The episode coming out and officially declaring Chuck as bisexual was a surprise. I knew that the show had a different view of the reaction of the divine to alternative sexual orientations. They had already had Cas declare that he was “indifferent to sexual orientation” back when he took his ill-fated turn as God back in “Meet the New Boss“. They enforced that in “Sacrifice” with the active intervention of a Cupid attempting to set up two men in a romantic relationship. But for the fairly conservative world of broadcast television, it’s a long way from “God doesn’t care. Have fun,” to “Yep, God’s dated guys.” I expected Amara’s comment about Chuck having “always had terrible taste in men” to be as far as they went. There’s safety in vague insinuation, especially if you can get a documented antagonist to say it. To outright come out and make it official took guts, since controversy could easily come back to bite them in the end.

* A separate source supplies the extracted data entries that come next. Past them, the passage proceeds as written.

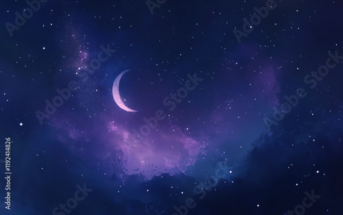 Fototapeta premium Dreamy Night Sky with Crescent Moon and Sparkling Stars on Purple Nebula...
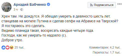 "Не дождутся. Я обещал умереть в девяносто шесть лет, станцевав на могиле Путина и сделав селфи на Абрамсе на Тверской? Я постараюсь это сделать. Видимо планида такая, воскресать каждые четыре года. Господи, как же умирать-то надоело" - написал он.
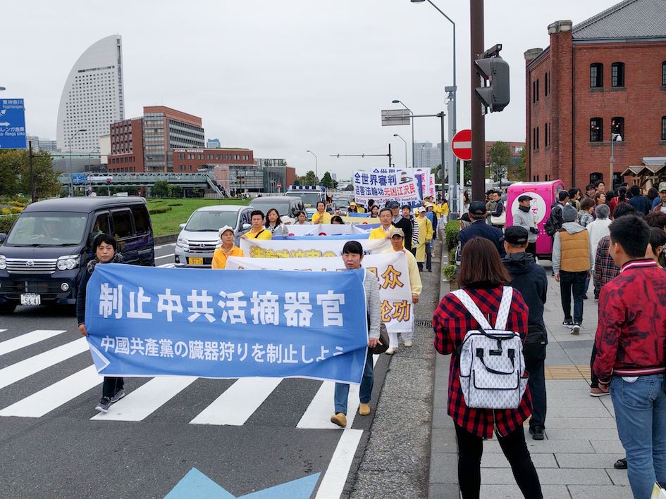 观看游行的两位日本青年说:“这样的事情在日本是绝对不可能发生的,我们声援制止这样的事情。”
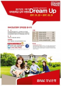 BNK경남은행은 대학(교) 등록금 납부 기간을 맞아 오는 3월말까지 ‘2017년 1학기 대학 등록금 납부 이벤트’를 진행하고 있다.   BNK경남은행과 등록금 수납계약이 체결된 경남ㆍ울산ㆍ부산지역 대학(교) 재학생(신입생ㆍ복학생ㆍ대학원생 포함)이 BNK경남은행 영업점 창구와 전자금융(인터넷뱅킹ㆍ텔레뱅킹ㆍ스마트뱅킹ㆍCD/ATMㆍ가상계좌) 그리고 경남BC신용카...
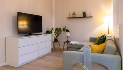 Este apartamento inclui 1 quarto, cozinha com um frigorífico e uma máquina de lavar louça, uma televisão de ecrã plano, uma área de estar e 1 casa de banho com chuveiro. Toalhas e roupa de cama são providenciadas neste apartamento.
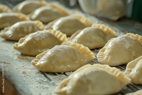 Perogies Close Up: Homemade Potato Cheese Pierogi, Traditional Polish Dinner Dish
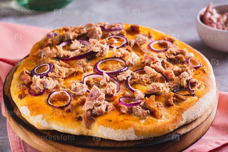 Домашняя пицца с консервированным тунцом и красным луком на деревянной доске
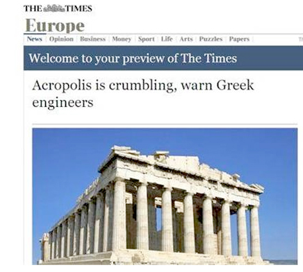 «Η Ακρόπολη καταρρέει και θα χρειαστεί δουλειά για να επισκευαστεί, προειδοποίησαν αρχαιολόγοι στην Ελλάδα. Οι μηχανικοί ανακάλυψαν ότι μέρος του τεράστιου βράχου πάνω στον οποίο δεσπόζει ο Παρθενώνας στο κέντρο της Αθήνας αρχίζει να υποχωρεί. Τα κλιμάκια του Κεντρικού Αρχαιολογικού Συμβουλίου διαπίστωσαν αστάθεια σε μια αρκετά ευρεία περιοχή, εξετάζοντας την πτώση βράχων τον Ιανουάριο, όταν ένας ογκόλιθος υποχώρησε από τον χώρο με τη μεγαλύτερη ροή επισκεπτών στην ελληνική πρωτεύουσα» επισημαίνει ο αρθρογράφος.
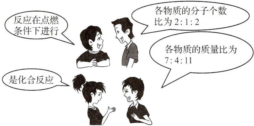 )①反应条件 ②哪些物质是反应物 ③哪些物质是生成物 ④反应物和生成物之间的质量关系
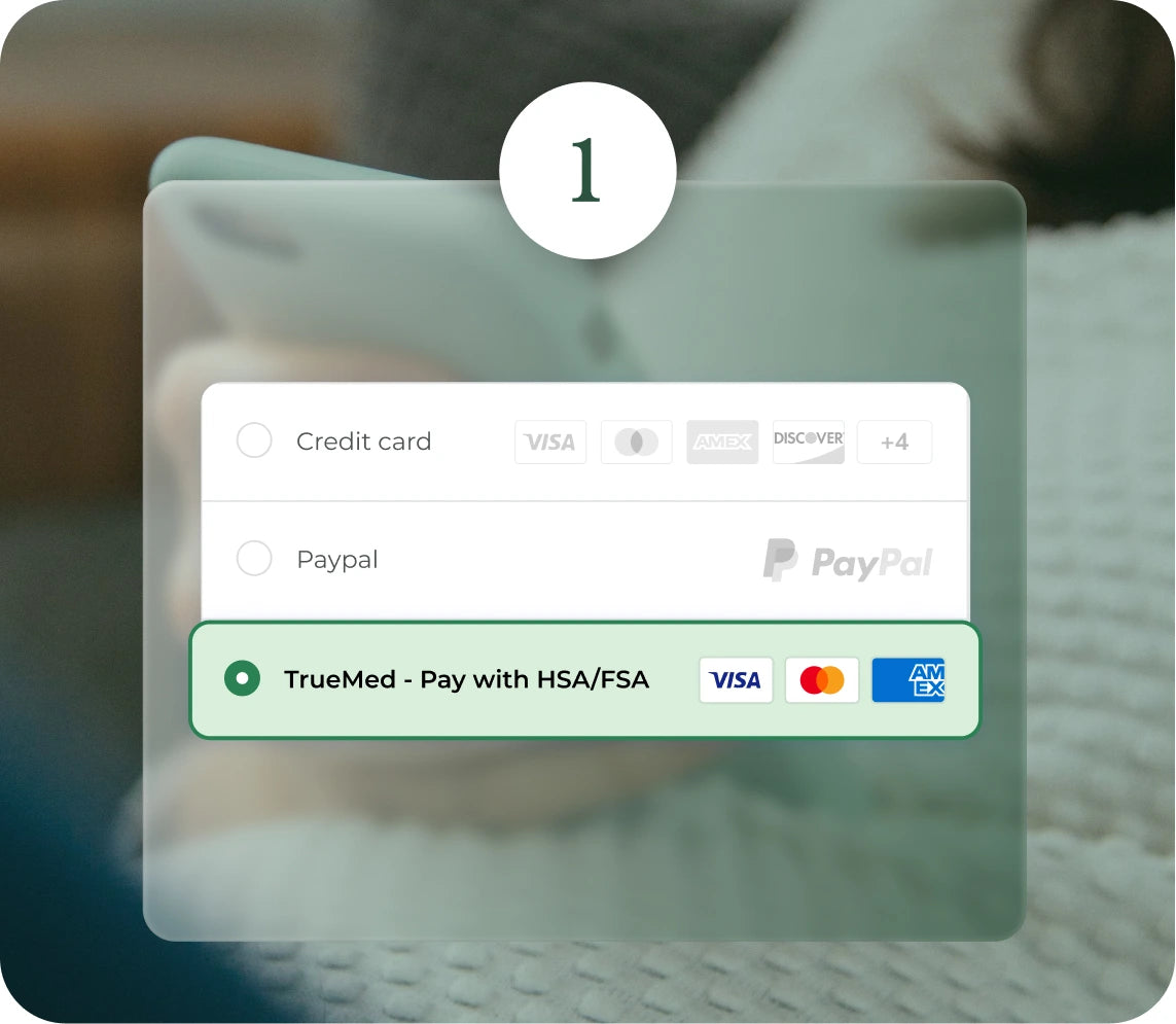 Do not pay with an HSA/FSA card during checkout. After your purchase, check your confirmation screen or receipt email for a link to the Truemed survey.

Robbie Thompson, the writer of this episode, and the rest of the writing staff who shaped this particular episode have my utmost respect for taking the tiger by the tail.
The reappearance of the amulet was a treat. The loss of the amulet has been one of those things that the fandom has been focused on, and it’s nice that now, it’s back in the hands of the guys. Bonus points for the fact that now they know the thing works. I’d always imagined the burn of the amulet as much more violent and fire-like then it showed in the episode, so it glowing like a lightning bug was interesting. The fact that the method of turning off the spell was essentially the same as flipping a light switch was rather amusing to me.
The episode had some great character moments and lovely bits of humor. I must admit to laughing out loud at the unveiling of Chuck’s divine light, complete with sunglasses. That bit was inspired. It also makes perfect sense that God himself would have a blog of nothing but cute cat pictures. Everyone loves cute cat pictures. That is what runs the internet, after all.
The use of sound in this episode was brilliant. The distant crack and roll of thunder when Chuck started to lose his temper really underlined his “top of the food chain” status. I also adored the use of “Fare Thee Well (Dink’s Song)“, the lovely song Robert Benedict sang in the final 10 minutes of the episode. I haven’t teared up like that at a song since “Fan Fiction.” The song implies a farewell coming. If it’s setting up the mood for the last three episodes of this season, it’s gonna be emotional rollercoaster for us all. I hope we’re all ready for it.
Although the characters are hit-or-miss about learning from the past, it’s been clear this season that the writers are at least trying to. “Don’t Call Me Shurley” gives me hope that they might actually be successful at it. I hope that by the last episodes of the season, we’re still saying the same.